We analyzed the three-dimensional shapes of heme-binding pockets (cavity) by using POVME 3.0 [41]. In POVME, the cavity shape of a ligand-binding protein structure can be quantified as a bit vector, each element of which indicating whether the respective grid point belongs to the ligand-binding pocket. The protein structures complexed with heme were superimposed on five atoms in heme: FE, NA, NB, NC, and ND. The coordinates of the missing atoms for proteins were generated using the AMBER LEaP program included in AmberTools version 19.0 [42]. The grid structure of the cavity was computed by using only the protein coordinates (i.e., heme and other molecules were removed). Parameters for POVME calculation were as follows: the center and radius of the inclusion sphere were set to the coordinates of the Fe atom of heme and 8.5 Å, respectively. This radius was determined according to the molecular size of heme. The distance between Fe and oxygen atoms of propionates was approximately 8.5 Å. The Tanimoto score implemented in POVME 3.0 was used to estimate the similarity between pairs of heme-binding pockets. Hierarchical clustering and principal component analysis (PCA) [43] of cavity shapes were performed by using POVME 3.0. The number of clusters was set to 35. We examined three cases of the number of clusters (15, 25, and 35) and obtained the most preferable results (many eigenvectors correlated with heme distortions) for 35.

2.4. Alignment of Amino Acid Sequences of Heme Proteins

We downloaded the amino acid sequences of the target heme proteins as FASTA files from PDBj (as of 4 January 2022) and extracted the sequences of 2867 protein chains in the whole dataset. Clustering was performed for the obtained sequence data using Cd-Hit [44], and threshold of sequence similarity was set to 90%.

3. Results and Discussion

3.1. Prediction of Heme Distortion from the Tertiary Structure of the Heme-Binding Pocket Using a CNN Model

We constructed a model to simultaneously predict the magnitude of distortions along the 12 vibrational modes. The edge length of the input voxel was set to 20 Å. The obtained models were assessed based on the R² score calculated as follows:

$$R^2=1-\frac{{{\displaystyle \sum }}_i{\left(p_i^{\mathrm{observed}}-p_i^{\mathrm{predicted}}\right)}^2}{{{\displaystyle \sum }}_i{\left(p_i^{\mathrm{observed}}-{\overline{p}}_{}^{\mathrm{observed}}\right)}^2},$$

(1)

where $p_i^{\mathrm{observed}}$ and $p_i^{\mathrm{predicted}}$ are the distortions of ith heme molecule obtained from the PDB structures and those predicted by the CNN model, respectively, and ${\overline{p}}_{}^{\mathrm{observed}}$ is the mean of heme distortion averaged over the PDB structures in the test dataset. The R² score is a measure used to evaluate how well the model fits the regression, and its values ranges from –∞ to 1. A moderate correlation (correlation coefficient ≥ 0.6) was found between the observed and predicted values for saddling, ruffling, doming, and waving(y) distortions. Detailed prediction results are presented in Table S1, and the plot of observed and predicted values is shown in Figure S1 using results from the model with the maximum R² score among the five cross-validation runs as an example.

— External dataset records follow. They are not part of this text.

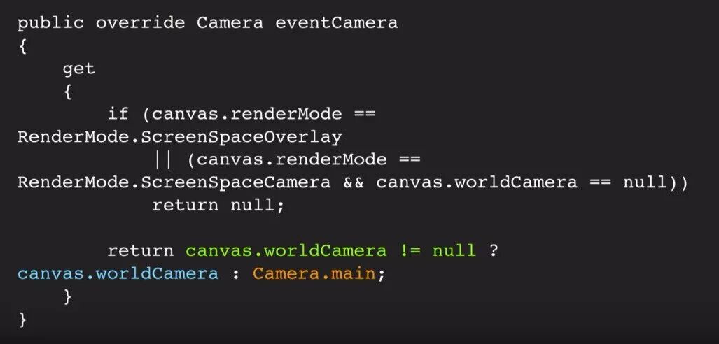 如果将世界空间画布的Event Camera字段留空,这不意味着该画布不会接收事件。它会使用游戏的主摄像机。为了确定哪个摄像机是主摄像机,该画布会访问Camera.main属性。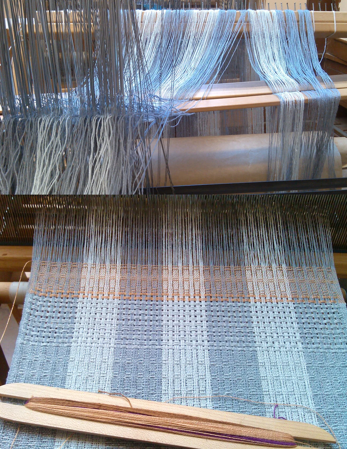 This technique can have two or more warps and one or more wefts. The pink/gray sampler has two warps (dyed) and has varying weft counts and designs. The peach/white project is an investigation of a double-faced cloth with two warps and one weft.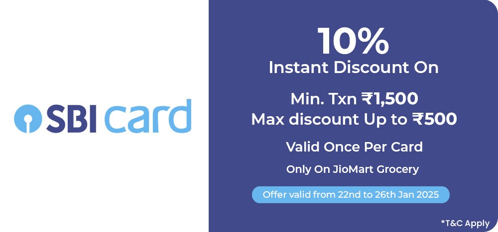 SBI Credit Card Jan 2025 - 10% Instant Discount on Min. Txn of Rs. 1500. Max Discount Up to Rs. 500/- Valid Once per card. Only on JioMart Grocery

To examine the effect of different edge lengths of input voxels on the prediction, we constructed models using the input voxels with edge lengths of 17, 20, and 24 Å (an example is shown in Figure 3a) for each of these four vibrational modes and calculated the corresponding R² score. The means and standard deviations of R² scores of the five cross-validation runs are shown in Figure 3b. Except for the waving(y) mode, changes in R² score due to differences in the edge length of the input were very small, suggesting that information on the structure of the heme-binding pocket near the pocket surface is sufficient to predict heme distortion. In our previous study examining the correlation between the composition of amino acid residues in the heme-binding pocket and heme distortion [26], no correlation was detected for the waving(y) mode, as opposed to that for the first three vibrational modes. This might be because more detailed information on the tertiary structure of the pocket enabled us to predict even a small conformational difference.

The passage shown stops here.